Work task> All records below are to be transcribed exactly, with every picture left out.

Dataset records>
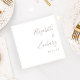 Estes guardanapos de casamento simples e modernos apresentam texto esticado alinhado à margem certa num fundo branco. Adicione os nomes dos casais na caligrafia de caligrafia na moda.
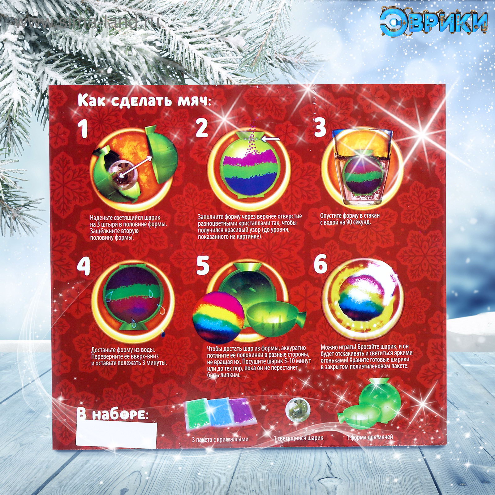 Размер упаковки: 4 x 14 x 15 см. Для кого: Унисекс Для кого: Унисекс tnved: 9503007000 Возраст: От 3 лет Типоразмер батареек: LR1130 Количество батареек: 4 Свет: Да Работает от батареек: Да Батарейки в комплекте: Да Тематика праздника: Новый год Вид исследований: Опыты с реагентами Количество опытов: 1 Вид науки: Химия Набор для создания ярких и упругих мячей это увлекательный эксперимент, который понравится детям. С помощью специального порошка, формы и диода ребёнок сможет самостоятельно сделать миниатюрные игрушки, которые не только подпрыгивают, но и могут светиться. Процесс напоминает волшебство и станет отличным досугом для всей семьи. Что внутри?
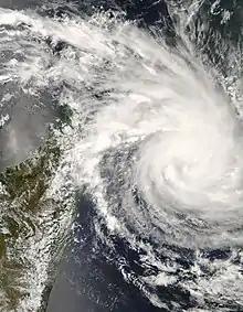 By February 14, it had sped up and entered a more favourable environment, becoming a severe tropical storm.[13] On February 15, Ivan was re-upgraded to a tropical cyclone as favourable conditions persisted. Ivan was further upgraded to an Intense Tropical Cyclone on February 16 as it moved closer to Madagascar. Ivan made landfall north of Fanoarivo, Madagascar on February 17.[14] Once overland, rapid weakening occurred due to the rugged terrain of the island.[15] Ivan was forecast to regenerate over the Mozambique Channel into a tropical depression once it left Madagascar.[16] Ivan traversed Madagascar, heading southwest. Its remnants emerged back over water on February 21, and Météo-France resumed advisories on "filling depression Ex-Ivan".[17] Ivan, severely disrupted by Madagascar, did not strengthen any further; the last advisory was issued on February 22.[18]
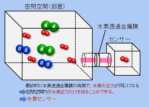 何か特定の物質がどれだけあるかを測る装置を「センサー」といいます。水素透過金属膜を使うことで、水素を感知する「水素センサー」を作ることができます。上の図のように、ある部屋に水素が入っていて、その量を知りたいとします。。そこに水素透過金属膜を持ってくると、水素だけが膜を通りぬけてセンサー側にたまります。最後には部屋の中とセンサーの中の水素の圧力が同じになります。そのときの、センサーの中の圧力を測れば、部屋の中の水素の量も分かるということです。水素透過金属膜を使うことで、他にどんなガスがいても水素のみがどれだけいるかを知ることができるため「水素センサー」として使うことができるのです。。
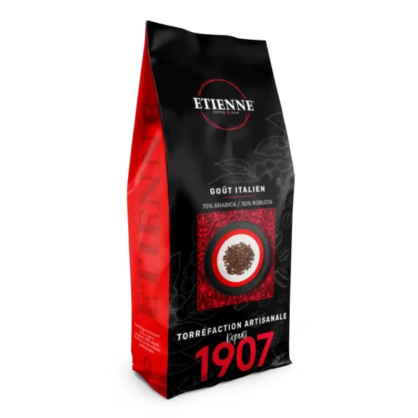 Cet assemblage café Goût Italien, en grain ou moulu, est riche et persistant. Le « café italien » est idéal pour les amateurs d’expresso corsé et savoureux. C’est un assemblage de 70% d’Arabica (3 variétés d’Arabica) et de 30% de Robusta. Les 3 variétés d’Arabica apportent finesse et richesse aromatique. Le Robusta apporte force et robustesse.
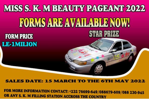 The company organizers would like its fans, the public and interested candidates for the pageant that, forms are now available at a cost of Le1,000,000 (One Million Leones). The Sales date of these forms will start on 15th March to the 6th April 2022.
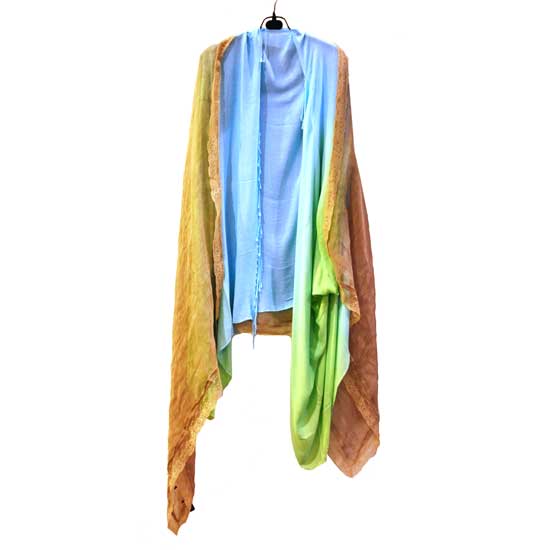 This ladies cardigan spotlights long-draped sleeves dyed in green, blue and beige colors. The ultra soft cardigan is made from rayon and linen fabric. The chic cardigan is perfect to complete your weekend casual look.
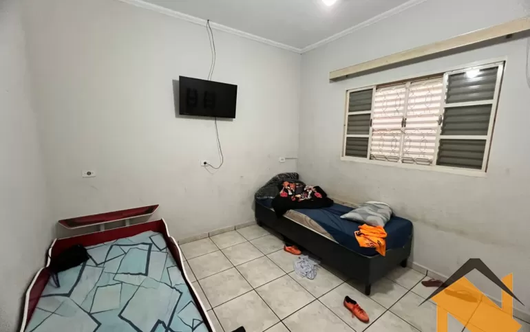 3 dormitórios,sala,copa,cozinha,banheiro social,lavanderia,banheiro externo e dormitório.
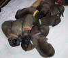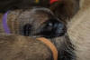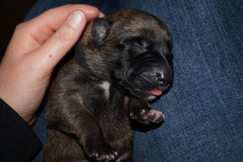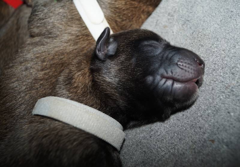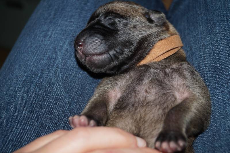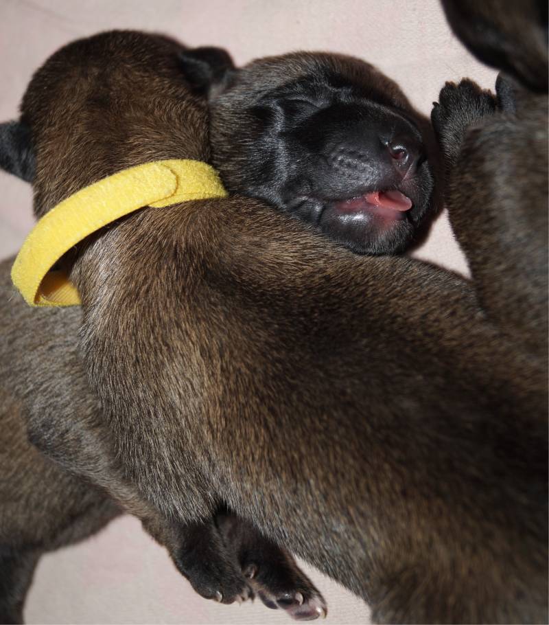 Am 3. Tag nach der Geburt stellt sich langsam etwas mehr Ruhe ein. Ceras Durchfall ist vorbei, sodass wir auch alle wieder ruhig schlafen können und die Welpen nehmen recht gut zu. Der kleinste im Bunde ist Herr Grün, aber er ist super agil und nuckelt sehr fleißig. Sorgen machen wir uns momentan um niemanden, alle erscheinen fit und gut entwickelt. Die schwerste ist Frau Rot, war ja auch die erste und hat schon einen kleinen Vorsprung. Cera scheint genug Milch für alle zu haben, denn wie man auf den Fotos sieht liegen alle Welpen nach dem Trinken satt und zufrieden mit vollgefressenen Bäuchlein, sogar von einander getrennt herum und schlafen friedlich. Weil Cera nachts nicht allein bleiben will und mir sonst die Welpen selber ins Schlafzimmer trägt , haben wir ihrem Wunsch entsprochen und oben wieder einen zweite Wurfkiste neben meinem Bett aufgebaut. Ja ich weis, bin bescheuert .... ;) bin ich aber gern.Gibt auch nichts schöneres als den Kleinen und ihrer Mama zu zu schaun und so hab ich viel mehr Zeit dazu. Cera ist ruhiger und ich kann sehen ob alles passt, gerade in den ersten Tagen für mich ein MUSS und ab jetzt einfach nur super schön. Die ersten 2 Nächte war es etwas unruhig, weil sich alles einspielen musste, jetzt wo jeder weis wie es funktioniert und so auch alle satt werden, schlafen die Kleinen ruhig von ersten Bell- und Knurrversuchen mal abgesehen, die ich aber super niedlich finde :D Überhaupt sind die Geräusche in der Wurfkiste immer das absolut Beste um diese Zeit :) Noch sind sie pflegeleicht und Mama kümmert sich prima. Wir genießen die Zeit!
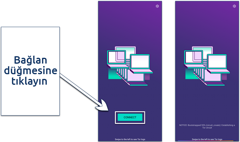 3. Adım: Tor Tarayıcıyı açın ve Bağlan ("Connect") butonuna tıklayın.
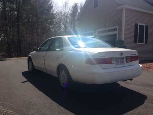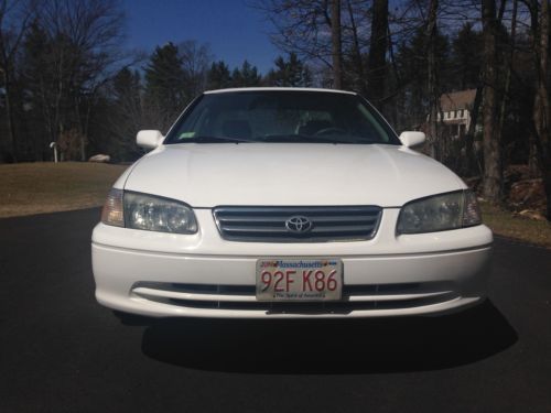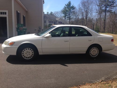 Must see this 2001 Camry CE Sedan in great condition! I purchased this car from the Toyota dealer in 2005 as a certified pre-owned vehicle. Dealer-serviced. Recent 120,000-mile service. New paint job 2/2014. Replaced struts at 105K miles. New timing belt at 85K miles. No mechanical issues. Runs and performs great with the 4-cylinder 2.2L engine, FWD, and automatic transmission. Non-smoker. No pets. Garage-kept. Features include Leather Seats, ABS Brakes, A/C, Driver Power Window, Power Door Locks, Power Mirrors, Tilt Wheel, Dual Airbags, Rear Defroster, Floor Mats, CD Player and Cassette Player. Low mileage for its year and this reliable Toyota can be driven for probably another 200K miles! Will not disappoint, call for more details.
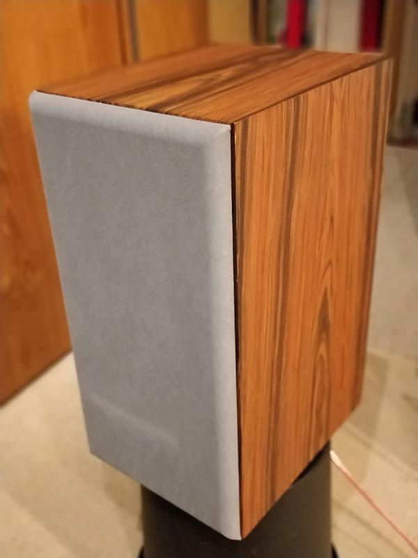 Fast forward 5,5 Monate, Weichnachten steht vor der Tuer und ich bin noch jugn genug, dass ich zu meinen Eltern fahre. Ich hatte mir im Vorfeld schon das Furnier bestellt, das auf die Boxen sollte. Ich hab das gleiche Saraifo Zeugs gewaehlt, dass schon auf dem Raspi-Player war. Also vor Weihnachten dann Chassis wieder ausgebaut und abgeloetet, Kanten/Ueberstanede eben geschliffen, Furniert mit der Buegelmethode (hier war ich etwas skeptisch, beim Player hab ich mir Zwingen gearbeitet, aber mit Standard Ponal funktioniert Buegels astrein, wirklich genial diese Methode).
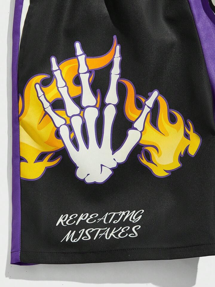 Guys Skull & Letter Graphic Two Tone Drawstring Waist Shorts

Exercise solution>
 Estes guardanapos de casamento simples e modernos apresentam texto esticado alinhado à margem certa num fundo branco. Adicione os nomes dos casais na caligrafia de caligrafia na moda.
 Размер упаковки: 4 x 14 x 15 см. Для кого: Унисекс Для кого: Унисекс tnved: 9503007000 Возраст: От 3 лет Типоразмер батареек: LR1130 Количество батареек: 4 Свет: Да Работает от батареек: Да Батарейки в комплекте: Да Тематика праздника: Новый год Вид исследований: Опыты с реагентами Количество опытов: 1 Вид науки: Химия Набор для создания ярких и упругих мячей это увлекательный эксперимент, который понравится детям. С помощью специального порошка, формы и диода ребёнок сможет самостоятельно сделать миниатюрные игрушки, которые не только подпрыгивают, но и могут светиться. Процесс напоминает волшебство и станет отличным досугом для всей семьи. Что внутри?
 By February 14, it had sped up and entered a more favourable environment, becoming a severe tropical storm.[13] On February 15, Ivan was re-upgraded to a tropical cyclone as favourable conditions persisted. Ivan was further upgraded to an Intense Tropical Cyclone on February 16 as it moved closer to Madagascar. Ivan made landfall north of Fanoarivo, Madagascar on February 17.[14] Once overland, rapid weakening occurred due to the rugged terrain of the island.[15] Ivan was forecast to regenerate over the Mozambique Channel into a tropical depression once it left Madagascar.[16] Ivan traversed Madagascar, heading southwest. Its remnants emerged back over water on February 21, and Météo-France resumed advisories on "filling depression Ex-Ivan".[17] Ivan, severely disrupted by Madagascar, did not strengthen any further; the last advisory was issued on February 22.[18]
 何か特定の物質がどれだけあるかを測る装置を「センサー」といいます。水素透過金属膜を使うことで、水素を感知する「水素センサー」を作ることができます。上の図のように、ある部屋に水素が入っていて、その量を知りたいとします。。そこに水素透過金属膜を持ってくると、水素だけが膜を通りぬけてセンサー側にたまります。最後には部屋の中とセンサーの中の水素の圧力が同じになります。そのときの、センサーの中の圧力を測れば、部屋の中の水素の量も分かるということです。水素透過金属膜を使うことで、他にどんなガスがいても水素のみがどれだけいるかを知ることができるため「水素センサー」として使うことができるのです。。
 Cet assemblage café Goût Italien, en grain ou moulu, est riche et persistant. Le « café italien » est idéal pour les amateurs d’expresso corsé et savoureux. C’est un assemblage de 70% d’Arabica (3 variétés d’Arabica) et de 30% de Robusta. Les 3 variétés d’Arabica apportent finesse et richesse aromatique. Le Robusta apporte force et robustesse.
 The company organizers would like its fans, the public and interested candidates for the pageant that, forms are now available at a cost of Le1,000,000 (One Million Leones). The Sales date of these forms will start on 15th March to the 6th April 2022.
 This ladies cardigan spotlights long-draped sleeves dyed in green, blue and beige colors. The ultra soft cardigan is made from rayon and linen fabric. The chic cardigan is perfect to complete your weekend casual look.
 3 dormitórios,sala,copa,cozinha,banheiro social,lavanderia,banheiro externo e dormitório.
 Am 3. Tag nach der Geburt stellt sich langsam etwas mehr Ruhe ein. Ceras Durchfall ist vorbei, sodass wir auch alle wieder ruhig schlafen können und die Welpen nehmen recht gut zu. Der kleinste im Bunde ist Herr Grün, aber er ist super agil und nuckelt sehr fleißig. Sorgen machen wir uns momentan um niemanden, alle erscheinen fit und gut entwickelt. Die schwerste ist Frau Rot, war ja auch die erste und hat schon einen kleinen Vorsprung. Cera scheint genug Milch für alle zu haben, denn wie man auf den Fotos sieht liegen alle Welpen nach dem Trinken satt und zufrieden mit vollgefressenen Bäuchlein, sogar von einander getrennt herum und schlafen friedlich. Weil Cera nachts nicht allein bleiben will und mir sonst die Welpen selber ins Schlafzimmer trägt , haben wir ihrem Wunsch entsprochen und oben wieder einen zweite Wurfkiste neben meinem Bett aufgebaut. Ja ich weis, bin bescheuert .... ;) bin ich aber gern.Gibt auch nichts schöneres als den Kleinen und ihrer Mama zu zu schaun und so hab ich viel mehr Zeit dazu. Cera ist ruhiger und ich kann sehen ob alles passt, gerade in den ersten Tagen für mich ein MUSS und ab jetzt einfach nur super schön. Die ersten 2 Nächte war es etwas unruhig, weil sich alles einspielen musste, jetzt wo jeder weis wie es funktioniert und so auch alle satt werden, schlafen die Kleinen ruhig von ersten Bell- und Knurrversuchen mal abgesehen, die ich aber super niedlich finde :D Überhaupt sind die Geräusche in der Wurfkiste immer das absolut Beste um diese Zeit :) Noch sind sie pflegeleicht und Mama kümmert sich prima. Wir genießen die Zeit!
 3. Adım: Tor Tarayıcıyı açın ve Bağlan ("Connect") butonuna tıklayın.
 Must see this 2001 Camry CE Sedan in great condition! I purchased this car from the Toyota dealer in 2005 as a certified pre-owned vehicle. Dealer-serviced. Recent 120,000-mile service. New paint job 2/2014. Replaced struts at 105K miles. New timing belt at 85K miles. No mechanical issues. Runs and performs great with the 4-cylinder 2.2L engine, FWD, and automatic transmission. Non-smoker. No pets. Garage-kept. Features include Leather Seats, ABS Brakes, A/C, Driver Power Window, Power Door Locks, Power Mirrors, Tilt Wheel, Dual Airbags, Rear Defroster, Floor Mats, CD Player and Cassette Player. Low mileage for its year and this reliable Toyota can be driven for probably another 200K miles! Will not disappoint, call for more details.
 Fast forward 5,5 Monate, Weichnachten steht vor der Tuer und ich bin noch jugn genug, dass ich zu meinen Eltern fahre. Ich hatte mir im Vorfeld schon das Furnier bestellt, das auf die Boxen sollte. Ich hab das gleiche Saraifo Zeugs gewaehlt, dass schon auf dem Raspi-Player war. Also vor Weihnachten dann Chassis wieder ausgebaut und abgeloetet, Kanten/Ueberstanede eben geschliffen, Furniert mit der Buegelmethode (hier war ich etwas skeptisch, beim Player hab ich mir Zwingen gearbeitet, aber mit Standard Ponal funktioniert Buegels astrein, wirklich genial diese Methode).
 Guys Skull & Letter Graphic Two Tone Drawstring Waist Shorts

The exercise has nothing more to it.